Your instructions —
Repeat exactly the lines below from the line that contains "une colle performante." to the last line, inclusive, without the pictures.

::: Extracted entries

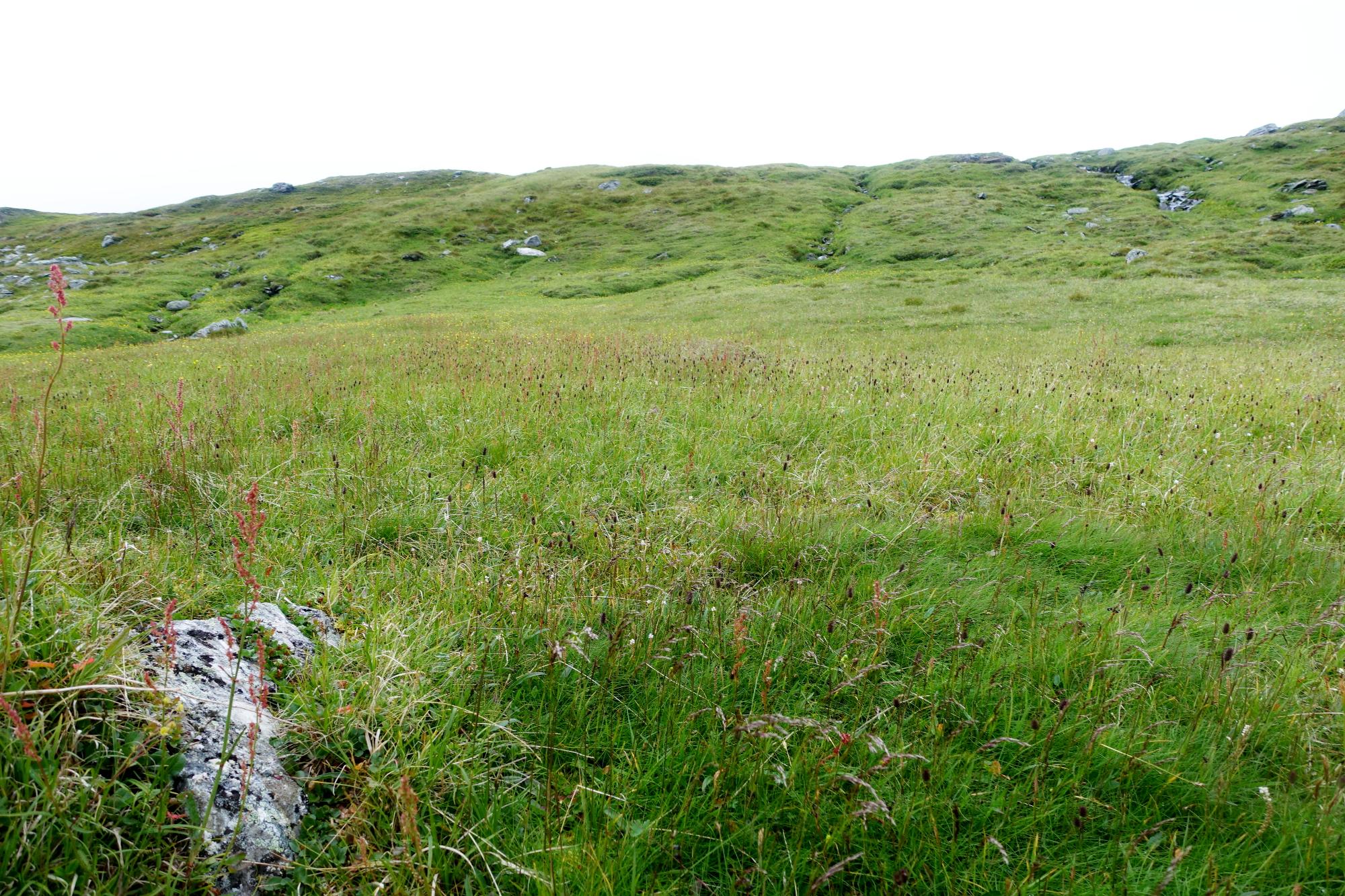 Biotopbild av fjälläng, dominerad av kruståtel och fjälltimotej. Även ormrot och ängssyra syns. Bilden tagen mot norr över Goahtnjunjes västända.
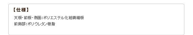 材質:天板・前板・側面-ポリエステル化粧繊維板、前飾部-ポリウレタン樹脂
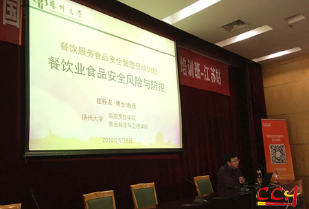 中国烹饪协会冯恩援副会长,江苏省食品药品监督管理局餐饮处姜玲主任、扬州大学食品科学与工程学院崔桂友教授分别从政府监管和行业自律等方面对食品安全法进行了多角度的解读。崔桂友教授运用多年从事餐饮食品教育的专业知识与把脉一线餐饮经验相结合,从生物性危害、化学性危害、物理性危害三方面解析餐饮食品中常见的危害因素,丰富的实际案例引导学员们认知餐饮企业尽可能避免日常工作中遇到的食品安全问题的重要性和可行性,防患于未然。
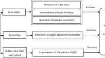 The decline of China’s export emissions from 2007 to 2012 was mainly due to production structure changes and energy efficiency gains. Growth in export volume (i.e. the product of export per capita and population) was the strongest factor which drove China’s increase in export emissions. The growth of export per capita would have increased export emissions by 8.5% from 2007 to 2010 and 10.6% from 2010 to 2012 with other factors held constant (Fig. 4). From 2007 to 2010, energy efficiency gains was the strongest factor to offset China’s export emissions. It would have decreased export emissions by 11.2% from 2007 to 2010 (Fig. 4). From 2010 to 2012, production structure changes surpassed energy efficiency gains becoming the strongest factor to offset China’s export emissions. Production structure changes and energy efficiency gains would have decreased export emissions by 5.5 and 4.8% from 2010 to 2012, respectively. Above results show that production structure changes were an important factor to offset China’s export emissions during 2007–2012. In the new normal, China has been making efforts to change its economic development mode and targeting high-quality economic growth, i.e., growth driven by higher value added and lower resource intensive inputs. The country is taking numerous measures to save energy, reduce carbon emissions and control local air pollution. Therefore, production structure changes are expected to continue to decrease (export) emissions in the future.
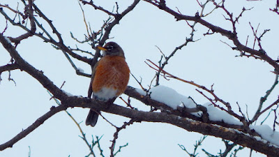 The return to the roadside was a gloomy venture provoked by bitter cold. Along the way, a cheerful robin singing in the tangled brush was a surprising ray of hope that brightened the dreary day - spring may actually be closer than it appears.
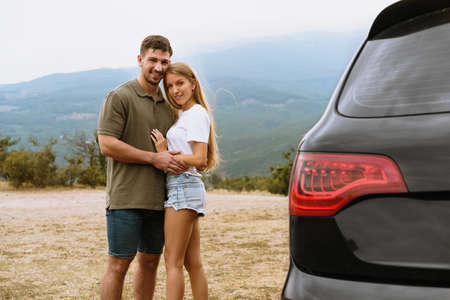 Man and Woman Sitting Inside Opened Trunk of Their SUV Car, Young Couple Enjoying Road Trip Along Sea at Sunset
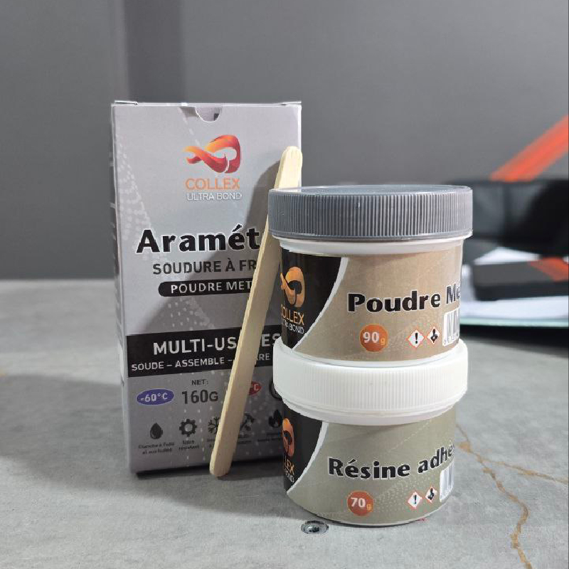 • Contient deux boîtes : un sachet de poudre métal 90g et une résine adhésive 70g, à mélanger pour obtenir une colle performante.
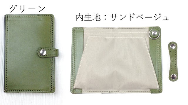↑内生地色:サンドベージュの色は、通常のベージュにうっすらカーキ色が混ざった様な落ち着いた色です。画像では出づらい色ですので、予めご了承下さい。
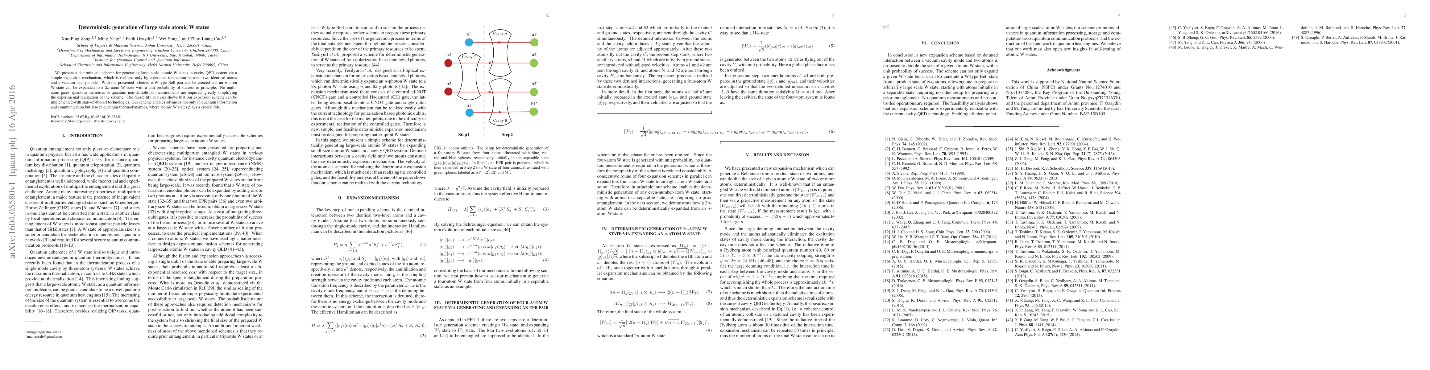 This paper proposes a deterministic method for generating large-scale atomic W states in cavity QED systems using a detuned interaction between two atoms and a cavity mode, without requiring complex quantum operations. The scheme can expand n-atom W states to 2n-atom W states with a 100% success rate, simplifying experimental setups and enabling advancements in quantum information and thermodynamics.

::::::

Solution to the exercise —
 • Contient deux boîtes : un sachet de poudre métal 90g et une résine adhésive 70g, à mélanger pour obtenir une colle performante.
↑内生地色:サンドベージュの色は、通常のベージュにうっすらカーキ色が混ざった様な落ち着いた色です。画像では出づらい色ですので、予めご了承下さい。
 This paper proposes a deterministic method for generating large-scale atomic W states in cavity QED systems using a detuned interaction between two atoms and a cavity mode, without requiring complex quantum operations. The scheme can expand n-atom W states to 2n-atom W states with a 100% success rate, simplifying experimental setups and enabling advancements in quantum information and thermodynamics.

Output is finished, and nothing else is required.